Спустя два года я пришел сюда. Побывал ли здесь хоть кто-нибудь из нас, из его друзей? Хоть раз?
Мы забывчивы.
…Люди расходились с кладбища. Ко мне подошел Бенас. Я только теперь его заметил. Как-то дернулось сердце. Бенас сжал мои пальцы, и мы постояли рядом, не говоря ни слова и думая о часах, проведенных в «лаборатории» Ромаса, об уроках и переменах, на которых мы не слышали Ромаса, но все равно чувствовали его присутствие.
Мы стояли долго. Потом, не говоря ни слова, повернулись и побрели от могилы.
— Где другие? — спросил Бенас.
— Директриса не пустила.
Мы шли, взявшись за руки.
— Был Арберон, остался Арбен, — сказал Бенас.
— Нет, Арберон останется навсегда! — произнес я словно клятву.
Допоздна мы гуляли по городу и решили назавтра встретиться опять.
…Налетает ветерок, шумят сосны, качают кронами. О мое плечо, словно майский жук, стукается шишка, на могилу падает засохшая ветка.
Там, внизу, весело мигают городские огни и гулко бьют часы на башне кафедрального собора.
В комнате отец поднимает глаза от газеты и смотрит на меня. Глаза у него запали, лицо землистое, как у больного. А может, он правда болен? Никогда он не жаловался, каждую мою или мамину болезнь считал блажью. Теперь ему тяжело, ну да, страшно тяжело, когда дом стал пустым и холодным.
— Ты устал, папа. У тебя такой вид… — говорю я тихо и мягко, как давно уже к нему не обращался. И вдруг вспоминаю голос директрисы: «Завтра приведете отца». Надо ему сказать, все объяснить. Но как объяснить?
— Папа…
Он нервно сбрасывает газету с колен.
— Ты знаешь, что должен быть дома в десять?

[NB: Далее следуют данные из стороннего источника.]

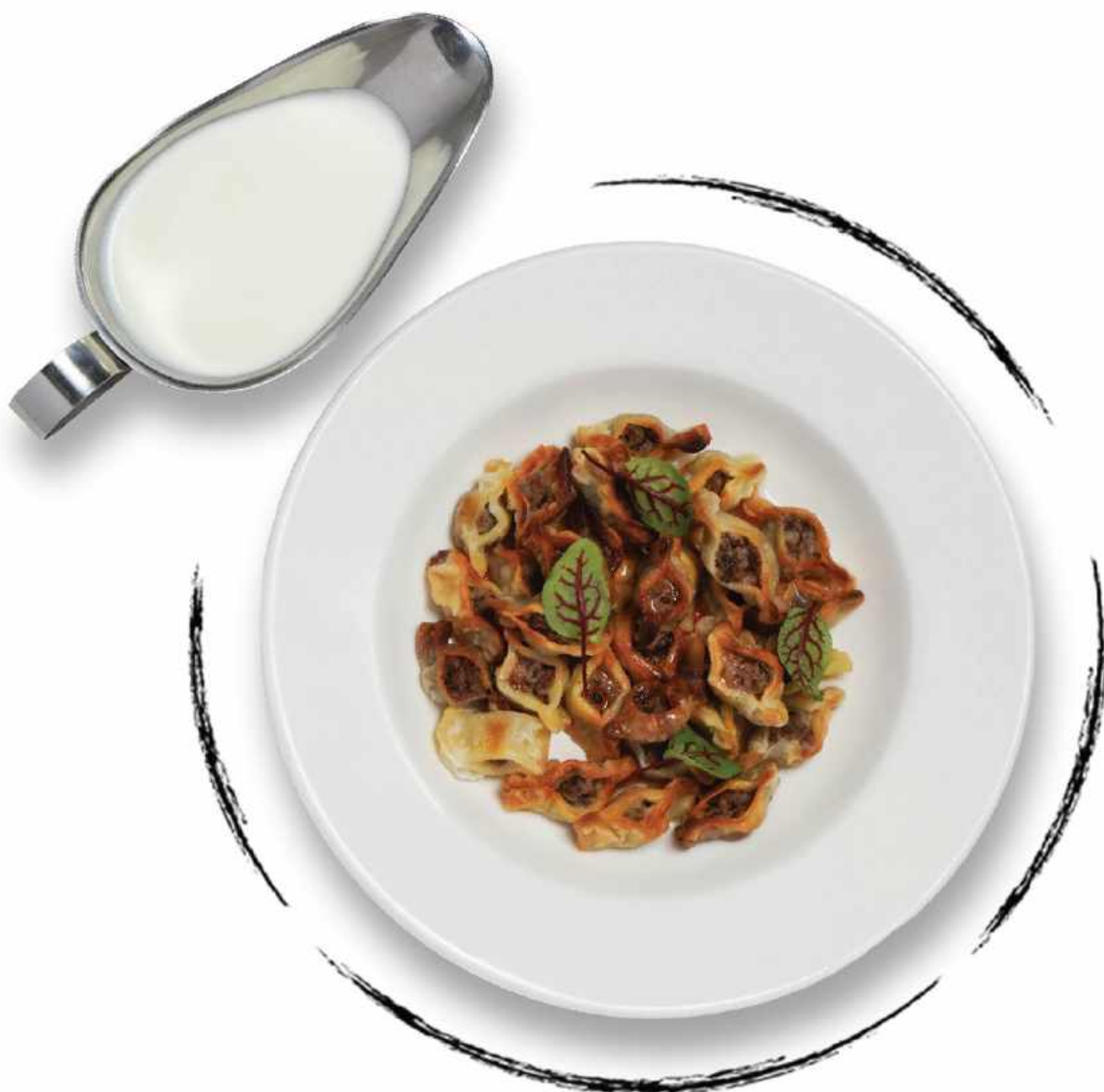
МАНТЫ AMD 3700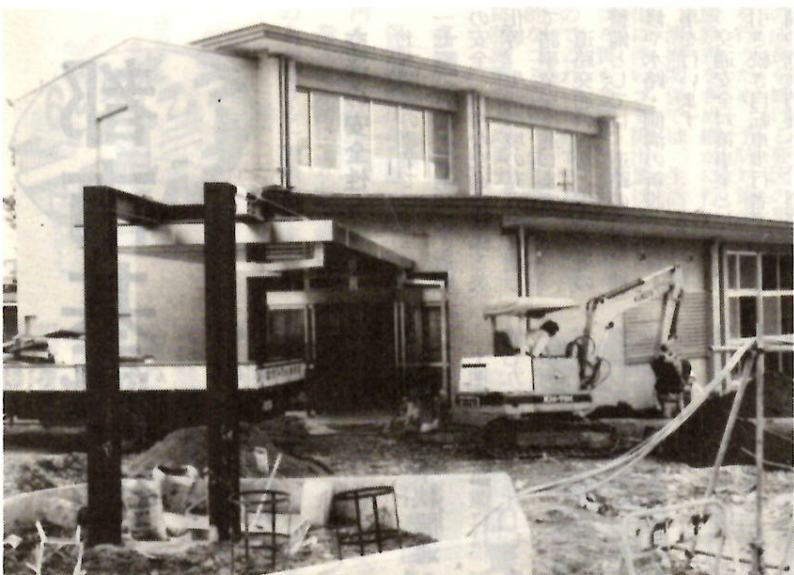
江木町内に完成間近い痴呆性老人専門施設「やすらぎ園」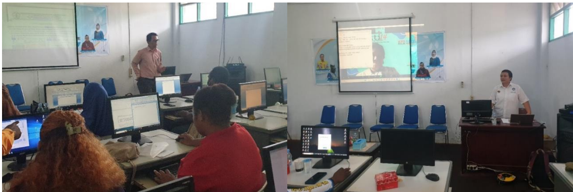
Gambar 2 . Proses pelatihan aplikasi digital

Materi pertama tentang penggunaan Microsoft Office dan Microsoft Excel untuk membuat dokumentasi surat menyurat, pelaporan kegiatan, laporan keuangan dan pembuatan presentasi. Kegiatan dilanjutkan dengan pelatihan penggunaan aplikasi video conference sebagai sarana rapat/pertemuan secara online . Materi terakhir adalah terkait dengan penggunaan media internet dan media sosial sebagai sarana promosi dan komunikasi berbagai kegiatan dan materi terakhir tentang cara pembuatan flyer dan video promosi. Dokumentasi kegiatan disajikan pada Gambar 2 .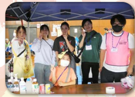
親慈の会 (光るおもちゃ・フランクフルト・肉巻ドッグ等)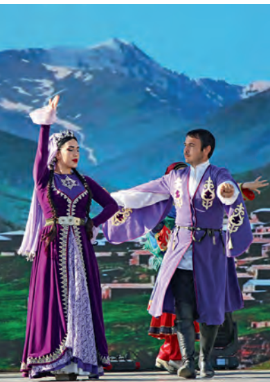
Зажигательный танец, Республика Дагестан

Июль. Фестиваль народных промыслов и ремесел (Акушинский и Дахада-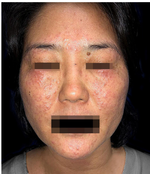
Figura 1 Pápulas eritematosas em malaras, regiões frontal e mentoniana. Placas formadas por coalescência de pápulas em região palpebral bilateral.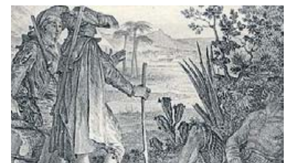
El Candide de Voltaire. VIQUIPEDIA

Però no les diu d'Espanya en general: "És la més orgullosa de les nacions i la que té menys motius per ser-ho, llevat que les qualitats monacals -la beateria, la mandra i la brutícia- siguin títols per enorgullir-se. En qualsevol cas, a aquest poble altiu i soberg no se li pot negar una gran bravura; però seria bo que el temperés la humanitat". Després parla de les atrocitats cometes pels espanyols en nom del catolicisme, a les terres americanes, però això no és cap novetat per a nosaltres.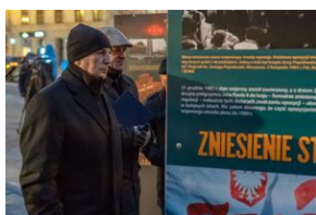
40. rocznica stanu wojennego. Uroczystości upamiętniające - Lublin, 13 grudnia 2021.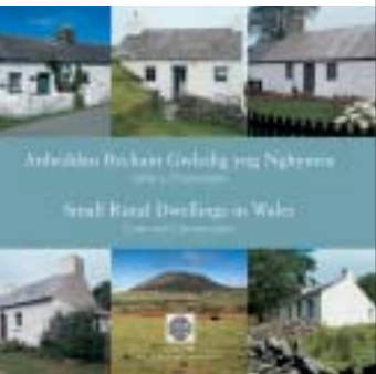
Uchod: Anheddau Bychain Gwledig yng Nghymru.

Dros ddegawdau ei fodolaeth esblygodd dealltwriaeth y Cyngor o'r hyn sy'n cynrychioli hanfodion amgylchedd hanesyddol y wlad, gyda mwy o bwyslais yn ddiweddar ar bwysigrwydd adeiladau gwledig a esgeuluswyd. Mae'r hen farn nad oedd gan Gymru ei phensaernïaeth draddodiadol ei hun wedi cael ei disodli gan werthfawrogiad o enghreifftiau rhyfeddol o saernïaeth anghofiedig a thechnegau strwythurol a drosglwyddwyd o un genhedlaeth i'r llall dros y canrifoedd. Bu'r Cyngor yn falch o argymhell grant ar gyfer sawl un o'r cyfryw adeiladau fel enghreifftiau prin o draddodiadau adeiladu. Roedd ein hadroddiad ar gyfer 2001–02 yn cynnwys sawl enghraifft a hefyd yn cynnwys ein hymweliad â Phen Llŷn lle y gwelsom sawl bwthyn gan ystyried eu pwysigrwydd o fewn hanes cymdeithasol Cymru. Roeddem o'r farn bod eu parhad o arwyddocâd arbennig ac argymhellwyd i Cadw y dylai hyn gael ei gofnodi, o bosibl mewn cyhoeddiad. Felly roeddem yn falch bod Cadw wedi ymateb i'n cyngor ac wedi lansio llyfryn ym mis Mawrth ar ofal a chadwraeth anheddau bach gwledig. Rydym yn llongyfarch Cadw ar gyflwyniad a chynnwys yr arweiniad hwn a gobeithio y bydd yn gweithredu fel modd o dynnu sylw at yr adeiladau dinod ond hanesyddol bwysig hyn ac y bydd o gymorth i'w diogelu.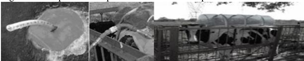
Figura 2. Componentes importantes del modelo experimental.

El volumen de gas de la bolsa de recolección se mide trasvasando el contenido a un recipiente de volumen conocido (25 L). Cuando el remanente es inferior a 25 L, se utiliza un espirómetro (SPIROBANK, Italia) para determinar el volumen restante. El gas recolectado en la bolsa de muestreo, se analiza para \text{CH}_4 por medio de un detector comercial (RIKEN KEIKI, Japón) calibrado por un sistema de dilución con controladores de flujo de masa (Berra, Finster y Valtorta, 2009).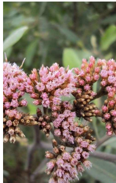
ASTERACEAE Tessaria integrifolia “Pájaro bobo”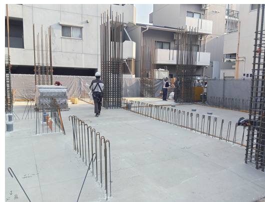
▲1床コンクリート打設完了後

現場は前面道路が狭く、一方通行の場所にある狭小な敷地。敷地境界線から建物までの距離が非常に近く、外部足場が越境してしまうという特徴があります。また、14階建て全39戸の共同住宅ですが、ワンフロア3戸のレイアウトがすべて異なる点も、この建物の特徴です。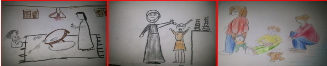
شكل (٣٧) مرحلة أعدادية "تميز الذكور" شكل (٣٨) مرحلة ثانوية "شد الشعر" شكل (٣٩) مرحلة ثانوية "قلب الطعام"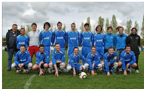
Saison 2011-2012 avec Vouillé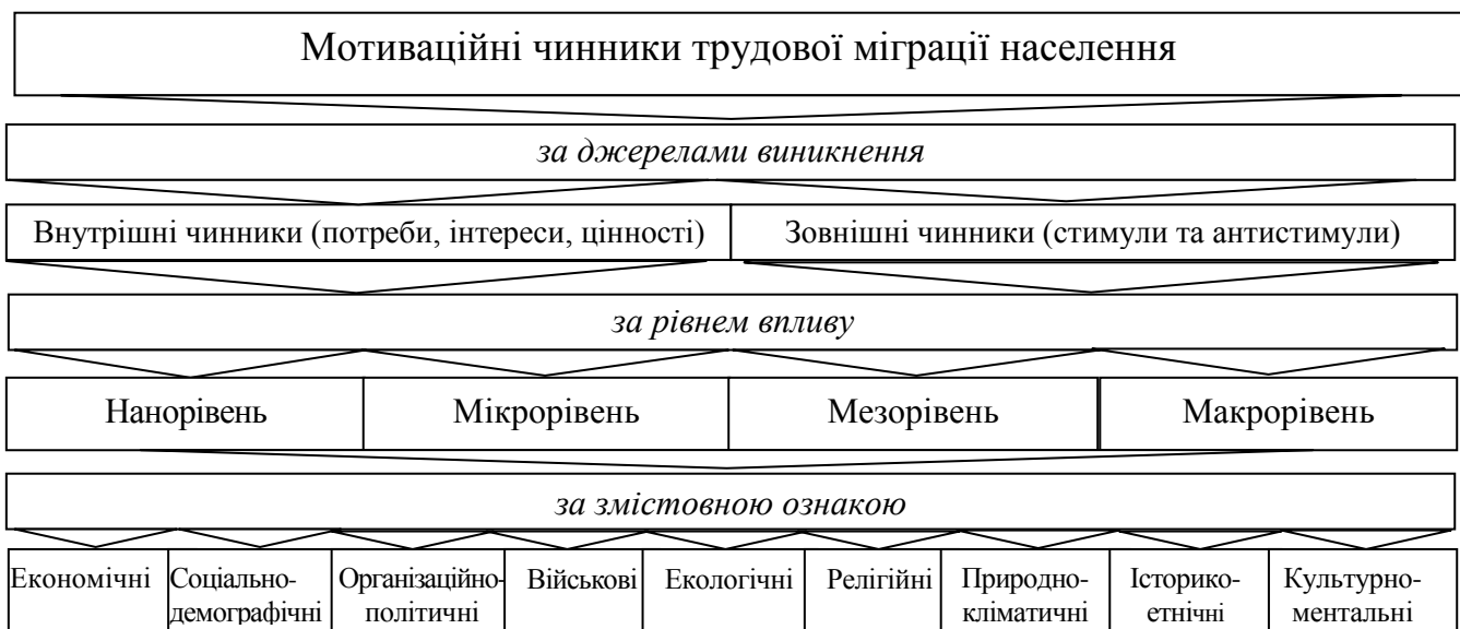
Рис. 1. Класифікація мотиваційних чинників трудової міграції населення

Розвиваючи положення мотиваційних теорій, запропоновано «мотивацію трудової міграції населення» визначати як процес взаємодії внутрішніх і зовнішніх рушійних сил, результуючим вектором якої є спонукання населення до трудового самовизначення шляхом переміщень. Ґрунтуючись на цьому, визначено, що поява міграційних настроїв та ступінь активізації міграційної поведінки працездатного населення є результатом прояву та взаємодії сукупності різноманітних мотиваційних чинників (економічних, соціально-демографічних, організаційно-політичних, військових, екологічних, релігійних, природно-кліматичних, історико-етнічних, культурно-ментальних, рис. 1), які на різних економічних рівнях багатоаспектно впливають на трудовий вибір населення, формуючи прагнення переміщатись в регіони (країни), де є більш привабливими стимули та можливості.

Почему он так?
— Знаю.
— Который час?
— Скоро двенадцать.
— Где шлялся?
Еще не переступив порога, я обычно держу наготове ответ. Теперь тоже мог бы дать волю фантазии, но что-то нет вдохновения.
— Был на кладбище.
— Лучше соврать не можешь?
— Я правда…
— Лоботряс!
Влетаю в свою комнату, захлопываю дверь.
Комната ходит ходуном, будто каюта корабля в шторм. Я гляжу в черную вязкую тьму, которая липнет к лицу и шее, связывает руки и ноги, как клейкие водоросли в озере. Я боюсь себя; кажется, что не хватит мужества выбраться на берег, и я наглотаюсь вонючего ила. Не первый раз накатывает это странное чувство…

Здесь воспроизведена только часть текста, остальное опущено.